Research News

How ‘smart dust’ could save lives

September 21, 2018

Imagine walking into your home and the entire house transforms to welcome you. The walls display comforting images, the air is filled with pleasant aromas and sounds. Everything adapts to your mood.

There are sensors everywhere. On your body, and in your clothes, telling your home if you’re tired, hungry, or happy. Throughout the house, the sensors create an intelligent and adaptive environment.

But this intelligent house has no single “brain”, no hub where all the information is gathered and processed, and which issues instructions to all the various devices that adapt the environment around you.

Instead, the intelligence emerges from the fluid interconnection of these devices, with information processed in a distributed fashion. This kind of processing network stands to create amazing new possibilities.

We’ve already seen the power of networks as the internet has connected people and ideas, allowing whole new ways of getting things done.

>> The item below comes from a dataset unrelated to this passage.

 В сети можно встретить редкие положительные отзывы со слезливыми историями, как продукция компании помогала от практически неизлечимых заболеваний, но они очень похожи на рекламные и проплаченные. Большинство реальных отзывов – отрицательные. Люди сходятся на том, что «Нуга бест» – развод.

Now a similar principle is on the verge of transforming the environment around us: our homes, cars, offices, gyms, and towns.

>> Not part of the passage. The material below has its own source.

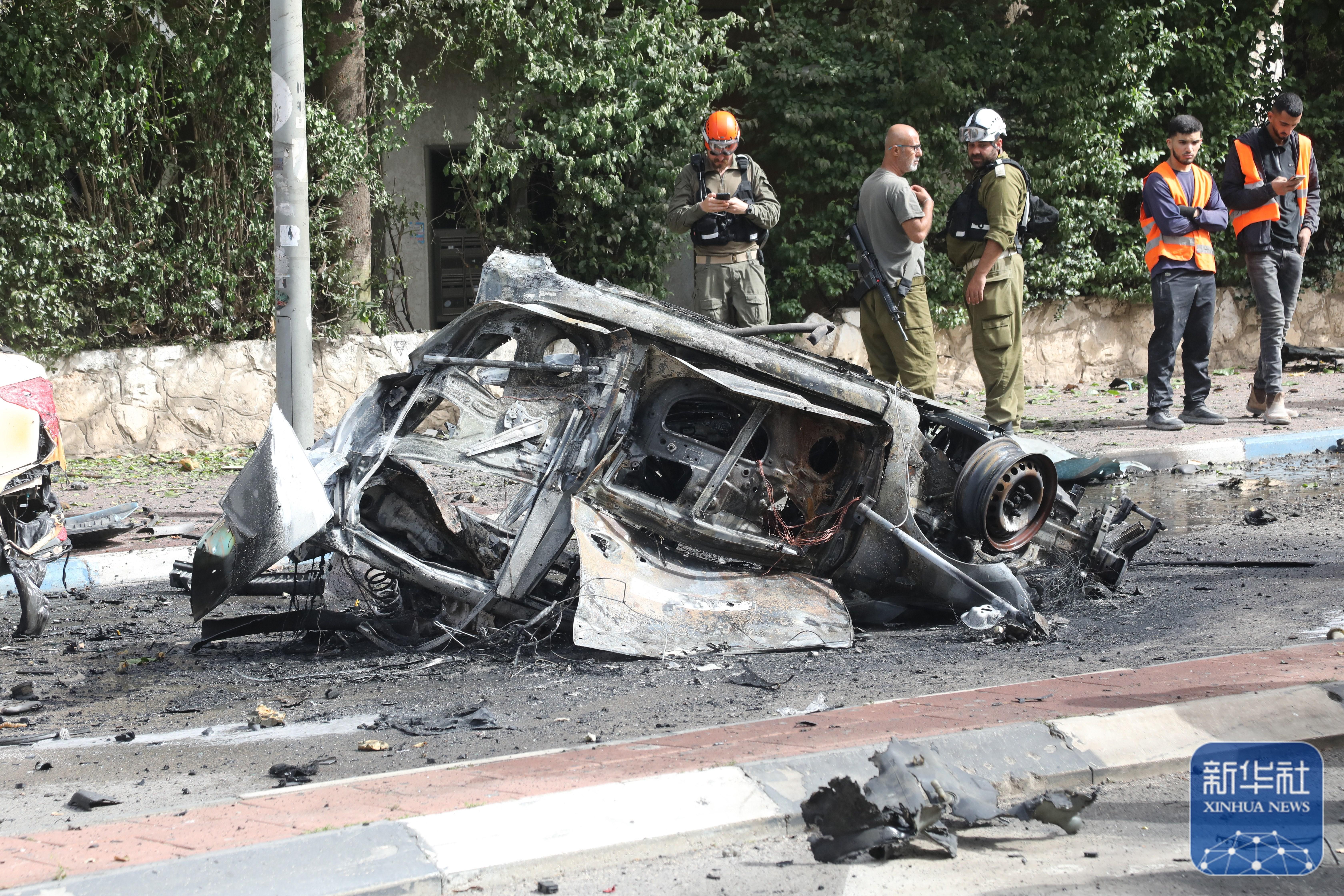 ↑這是4月4日在以色列中部城市拉馬特甘拍攝的一處導彈襲擊現場。新華社發(吉德翁·馬科維奇攝/基尼圖片社)

Liquid networks are in fact fundamental to any thriving system – as Steven Johnson notes in his book Where Good Ideas Come From: The Natural History of Innovation – from the explosion of biological innovation in the Indian Ocean that puzzled Charles Darwin to the success of human societies and organisations that promote the flow of ideas rather than a rigid hierarchy.

Technically, though, creating a liquid network environment for the home or office is quite a challenge. Researchers at the Masdar Institute are now studying this problem, looking not only at ways of transmitting vast amounts of information, but also minute amounts from sensors that can be thought of as such “smart dust”.

One challenge is transmitting video signals from smart phones or tablets to displays that cover entire walls – an immersive video environment somewhat akin to a 3D IMAX cinema.

This kind of immersive experience requires enormous resolutions and frame rates – and consequently a huge amount of data.

Current wireless standards – the wifi in your laptop – can’t even nearly touch it. They operate at relatively low frequencies, below 6GHz, where there simply isn’t enough bandwidth to transmit such vast amounts of information.

Fortunately other parts of the electromagnetic spectrum might. Lying between the electrical and optical realms, they are known as millimetre-wave and terahertz bands.

The trouble is that at these frequencies, even the most advanced transistors run out of steam eventually. Optical transmission could work in theory, but the technology just isn’t there yet.

There are physical hurdles, too – not least the fact that these waves are absorbed by both oxygen and water, making it tricky to get them across a room.

At the Masdar Institute, we are developing new types of transceiver – devices that both receive and transmit signals – to mitigate these problems. That way, we hope to help unleash this bandwidth.

At the other extreme of bandwidth, researchers are investigating ways of embedding sensors in clothes and bandages to collect vital information about the health and wellbeing of the person wearing them.

The problem here is such sensors need to operate without batteries.

Instead, they must harvest tiny amounts of vibrational or thermal energy from the surrounding environment, in a process similar to that used by mechanical wristwatches.

This energy allows the sensors to process the information they collect and transmit small amounts of relevant data between each other and a “hub” device – a smartphone, for example.

This data could be used to help us eat, exercise and sleep better.

It might even help predict the onset of serious health problems, thus saving lives.

Such sensors operated by harvested energy could be deployed everywhere. Researchers at the University of California, Berkeley have even coined two fascinating terms for its component parts: “smart dust” and, “the swarm”. It is projected there will be more than a thousand such sensors per person.

While this will certainly create an environment completely different from what we know today, it also creates amazing opportunities for Abu Dhabi as it pushes into the field of semiconductor manufacturing to secure its post-oil future.

Dr. Ayman Shabra is assistant professor of microsystems engineering at the Masdar Institute of Science and Technology.